Your task =
Return the listing below exactly as it stands. Pictures stay out.

Given data =
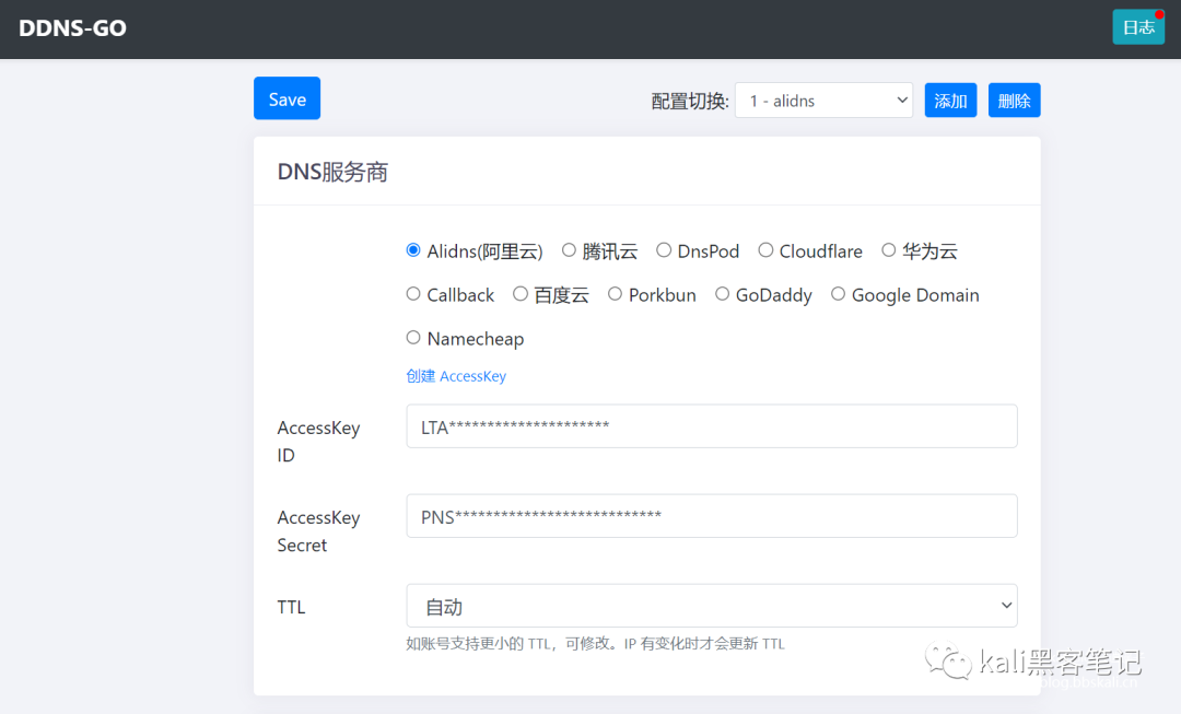 這里,我用了開(kāi)源項(xiàng)目https://github.com/jeessy2/ddns-go 根據(jù)系統(tǒng)類型下載并啟動(dòng) sudo ./ddns-go -s install 然后訪問(wèn)http://127.0.0.01:9876/配置。
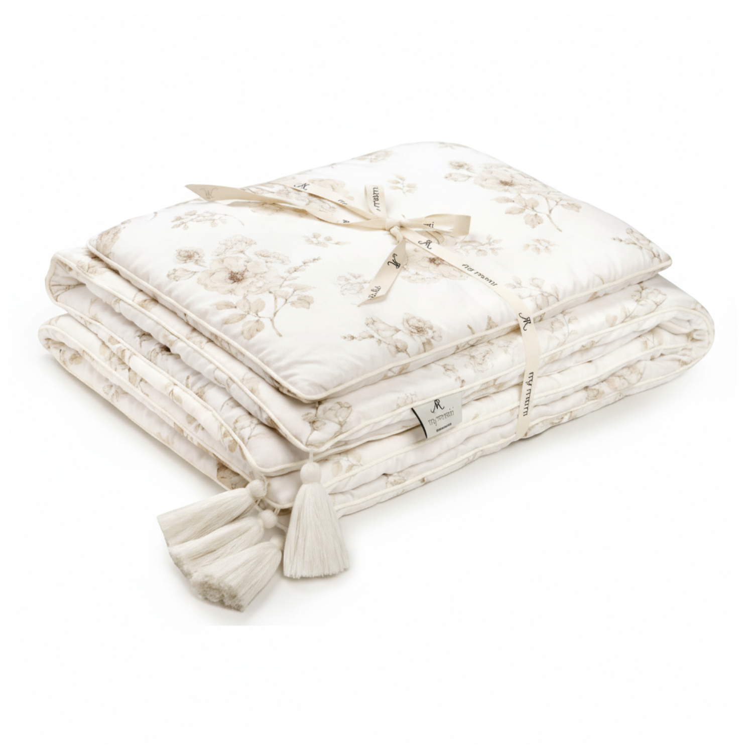 Pościel na stałe zszyta z antyalergicznym, oddychającym wypełnieniem, wykończona lamówką i czterema naturalnymi chwostami.
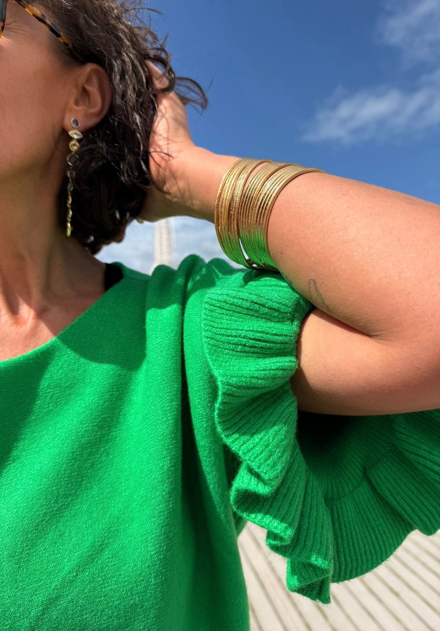Ce pull féminin et élégant est conçu pour allier confort et style. Il présente des manches 3/4, idéales pour les saisons intermédiaires, qui offrent une liberté de mouvement tout en restant chic. Le design se distingue par une forme de fleur : soit en relief, brodée ou imprimée sur le devant, créant un effet délicat et romantique.
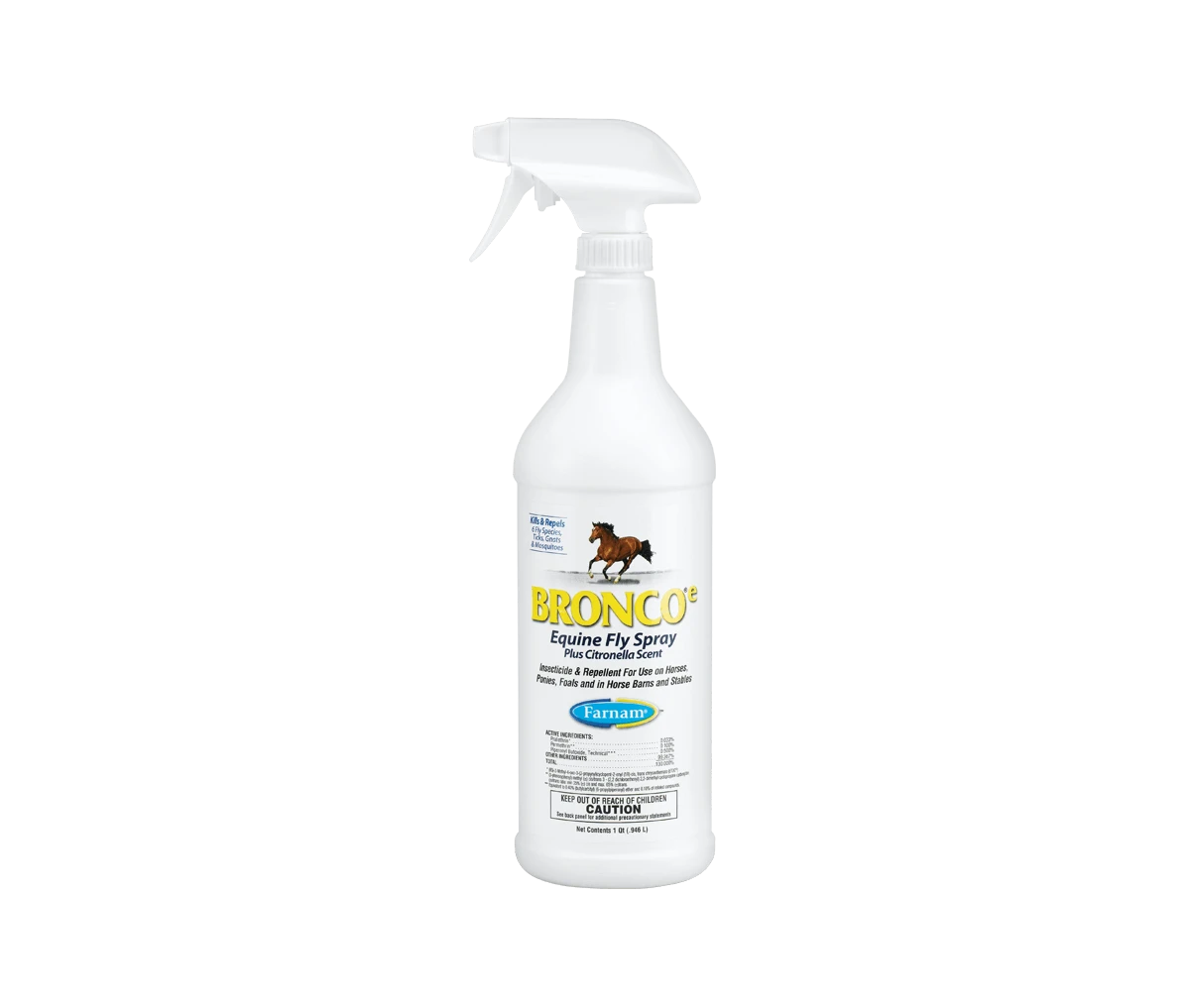 Bronco®e Equine Fly Spray is a staple for every stable. Kills six fly species, gnats, ticks, deer ticks, fleas, chiggers and lice! Insecticide and repellent for use on horses, ponies, foals and in horse barns and stables.

Reply to the task =
 這里,我用了開(kāi)源項(xiàng)目https://github.com/jeessy2/ddns-go 根據(jù)系統(tǒng)類型下載并啟動(dòng) sudo ./ddns-go -s install 然后訪問(wèn)http://127.0.0.01:9876/配置。
 Pościel na stałe zszyta z antyalergicznym, oddychającym wypełnieniem, wykończona lamówką i czterema naturalnymi chwostami.
Ce pull féminin et élégant est conçu pour allier confort et style. Il présente des manches 3/4, idéales pour les saisons intermédiaires, qui offrent une liberté de mouvement tout en restant chic. Le design se distingue par une forme de fleur : soit en relief, brodée ou imprimée sur le devant, créant un effet délicat et romantique.
 Bronco®e Equine Fly Spray is a staple for every stable. Kills six fly species, gnats, ticks, deer ticks, fleas, chiggers and lice! Insecticide and repellent for use on horses, ponies, foals and in horse barns and stables.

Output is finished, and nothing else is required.